_Requirement_
The listing that follows should be copied in full and exactly, with no pictures.

*** Opening The data ***

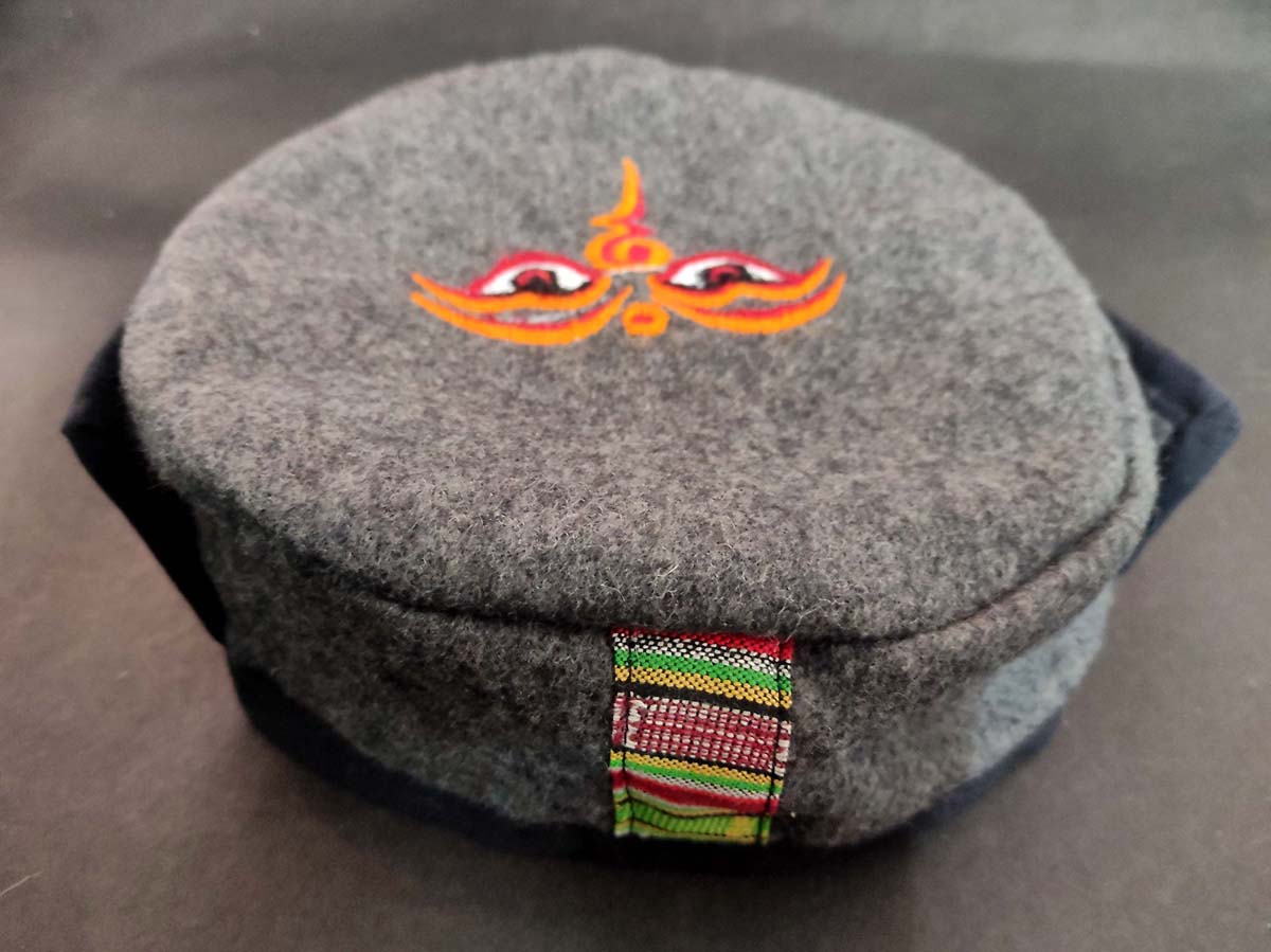 The traditional Sherpa cap from Nepal is a iconic and warm accessory worn by the Sherpa people, who are indigenous to the Himalayan region. The cap is made from wool or yak hair, and is designed to keep the wearer's head and ears warm in the cold climate of the high mountains. The cap typically features a rounded shape with a pom-pom on top, and is often adorned with colorful tassels or embroidery. The Sherpa cap is not only a functional piece of clothing, but also a symbol of cultural heritage and identity for the Sherpa people, who are known for their expertise in mountaineering and their ability to thrive in the harsh conditions of the Himalayas.
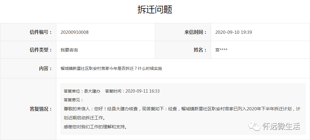 | 答复情况: | 答复单位:县大建办 答复意见: 尊敬的来信人:您好!经县大建办核查,现答复如下:经查,榴城镇新星社区耿安村宫家已列入2020年下半年拆迁计划,计划近期启动拆迁工作。 感谢您对我们工作的理解和支持。
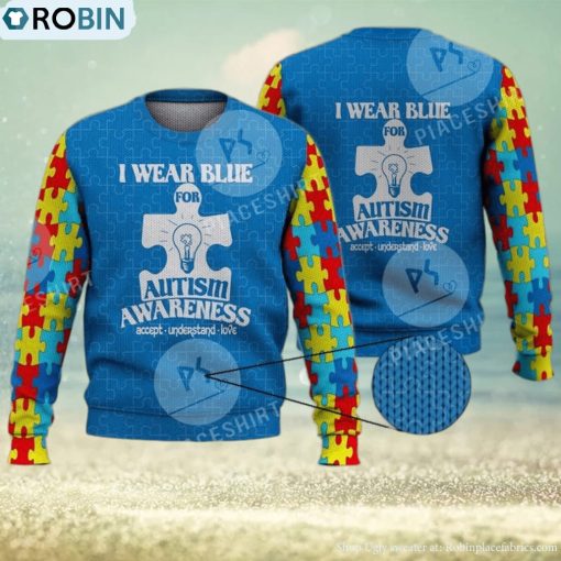 I Wear Blue For Autism Awareness 3D Full Print Ugly Sweater Christmas Gift Sweater
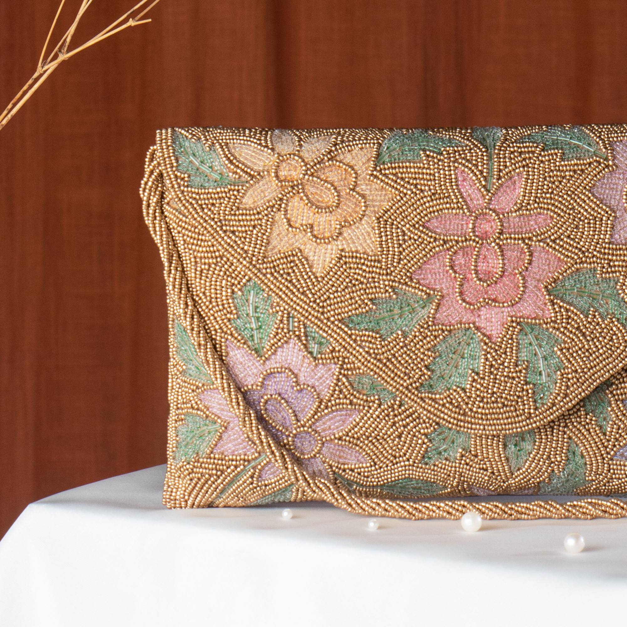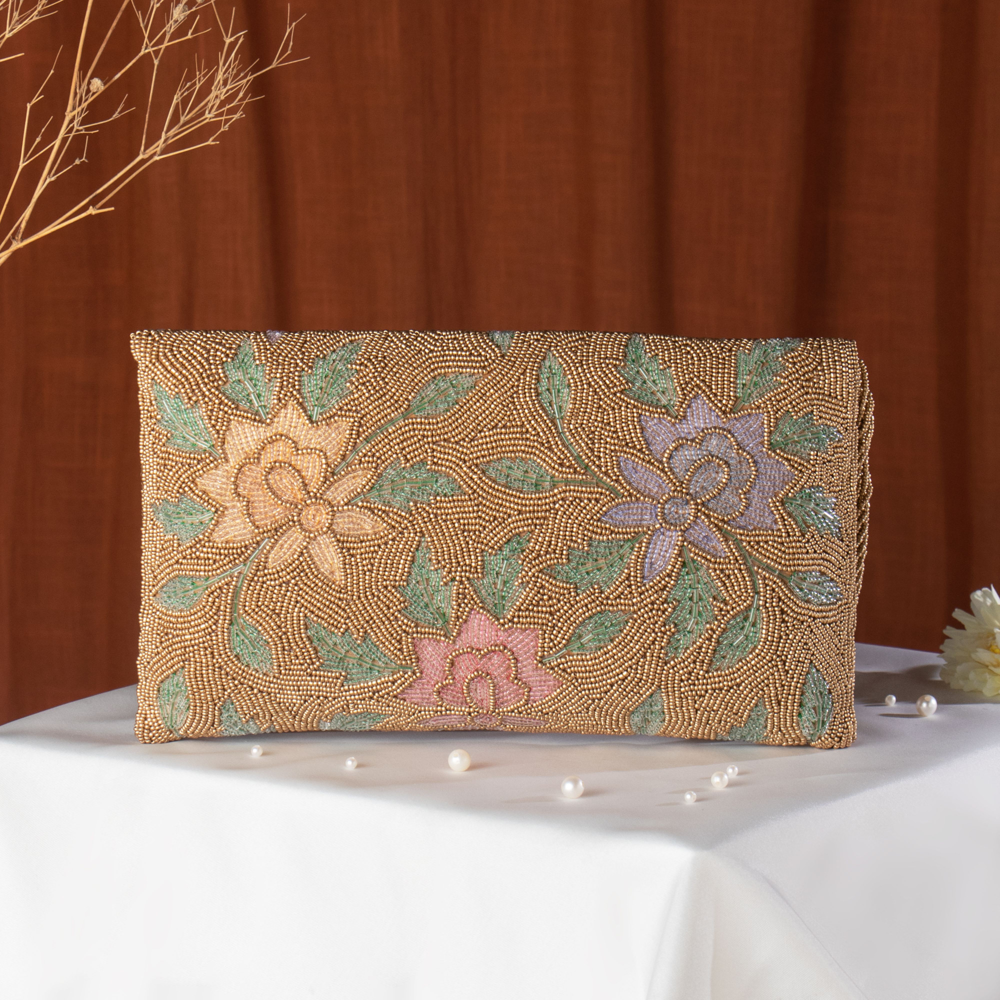 Add a touch of regal elegance to your wardrobe with the Shubhams Ethnic Copper Clutch. This exquisite accessory is designed to complement both traditional Indian wear and contemporary evening outfits. Key Features:

*** Closing The data ***

_Reply_
 The traditional Sherpa cap from Nepal is a iconic and warm accessory worn by the Sherpa people, who are indigenous to the Himalayan region. The cap is made from wool or yak hair, and is designed to keep the wearer's head and ears warm in the cold climate of the high mountains. The cap typically features a rounded shape with a pom-pom on top, and is often adorned with colorful tassels or embroidery. The Sherpa cap is not only a functional piece of clothing, but also a symbol of cultural heritage and identity for the Sherpa people, who are known for their expertise in mountaineering and their ability to thrive in the harsh conditions of the Himalayas.
 | 答复情况: | 答复单位:县大建办 答复意见: 尊敬的来信人:您好!经县大建办核查,现答复如下:经查,榴城镇新星社区耿安村宫家已列入2020年下半年拆迁计划,计划近期启动拆迁工作。 感谢您对我们工作的理解和支持。
 I Wear Blue For Autism Awareness 3D Full Print Ugly Sweater Christmas Gift Sweater
 Add a touch of regal elegance to your wardrobe with the Shubhams Ethnic Copper Clutch. This exquisite accessory is designed to complement both traditional Indian wear and contemporary evening outfits. Key Features:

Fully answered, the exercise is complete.